The honeysuckle prepared in the embodiment is subjected to ultraviolet-visible light-near infrared absorption spectrum test, and the preparation process of an absorption spectrum test solution sample is as follows:
and placing a 96-well plate containing 200 mu L of the honeysuckle solution in a multifunctional enzyme-labeled instrument, setting the wavelength range to 300-900 nm and the bandwidth to 3.5nm, and then carrying out ultraviolet absorption spectrum test.
Fig. 3 is an ultraviolet-visible-near infrared absorption spectrum of the honeysuckle flower prepared in example 1. The figure shows that the honeysuckle prepared by the embodiment has strong optical absorption at the wavelength of 600-800 nm, which indicates that the material can efficiently absorb near infrared light under the radiation of near infrared light, and has the characteristic of converting light energy into heat energy.
Tetramethyl benzidine (TMB) is a green, safe and most common chromogenic substrate used as a nano enzyme catalytic hydrogen peroxide system at present, and has high sensitivity, high color purity and good stability of oxidation products.

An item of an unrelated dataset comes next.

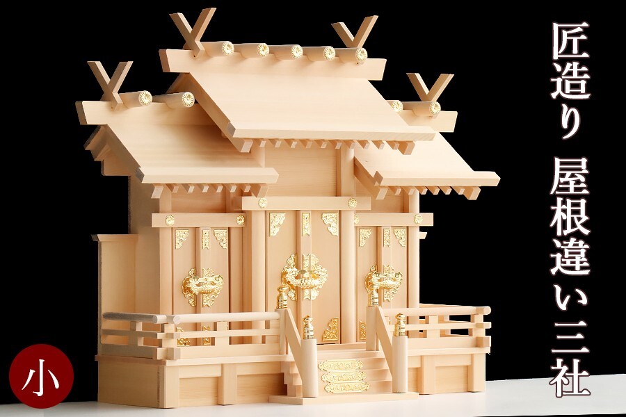 - 匠造り ■ 木曽ひのき ■■ 王道 屋根違い 三社 小型 ■ 極上 三宮 ■■ 神棚 単品

By researching the catalytic color reaction of the honeysuckle on the tetramethyl benzidine substrate in the presence of hydrogen peroxide, the honeysuckle can be proved to have good nano-enzyme characteristics. Based on the nano enzyme characteristic of the honeysuckle, hydrogen peroxide can be catalyzed to generate active free radicals, so that antibacterial research is performed. The absorption spectrum experiment is carried out on the catalytic effect of the honeysuckle (NPs) prepared in the embodiment on the substrate Tetramethylbenzidine (TMB), and the preparation process of the absorption spectrum test solution sample is as follows:
1)TMB+H 2 O 2 +nps absorbance test method: 870 mu L of acetic acid-sodium acetate buffer solution with pH=4.5 is taken in 1.5mL of EP plastic tube, 100 mu L of 0.1mol/L hydrogen peroxide solution, 10 mu L of 5mmol/L TMB solution and 20 mu L of honeysuckle Solution (NPs) are added, and the mixture is stirred and mixed at room temperature for 30s200 mu L of the sample is put into a 96-well plate, and ultraviolet absorption spectrum measurement is carried out by utilizing a multifunctional enzyme-labeled instrument, wherein the test condition is 400-800 nm, and the bandwidth is 3.5nm.
2) TMB+NPs absorbance test method: 870 mu L of acetic acid-sodium acetate buffer solution with pH=4.5 is taken to be placed in an EP plastic tube with 1.5mL, then 10 mu L of 5mmol/L TMB solution and 20 mu L of honeysuckle Solution (NPs) are added, vortex and mix evenly at room temperature for 30s, then 200 mu L of the mixture is taken to be placed in a 96-well plate, and ultraviolet absorption spectrum measurement is carried out by a multifunctional enzyme-labeled instrument under the test conditions of 400-800 nm and the bandwidth of 3.5nm.
3)TMB+H 2 O 2 Absorbance testing method: 870 mu L of acetic acid-sodium acetate buffer solution with pH=4.5 is taken to be placed in an EP plastic tube with 1.5mL, then 100 mu L of 0.1mol/L hydrogen peroxide solution and 10 mu L of 5mmol/L TMB solution are added, vortex and mix for 30s at room temperature, then 200 mu L of the mixture is taken to be placed in a 96-well plate, and ultraviolet absorption spectrum measurement is carried out by utilizing a multifunctional enzyme-labeled instrument, wherein the test condition is 400-800 nm, and the bandwidth is 3.5nm.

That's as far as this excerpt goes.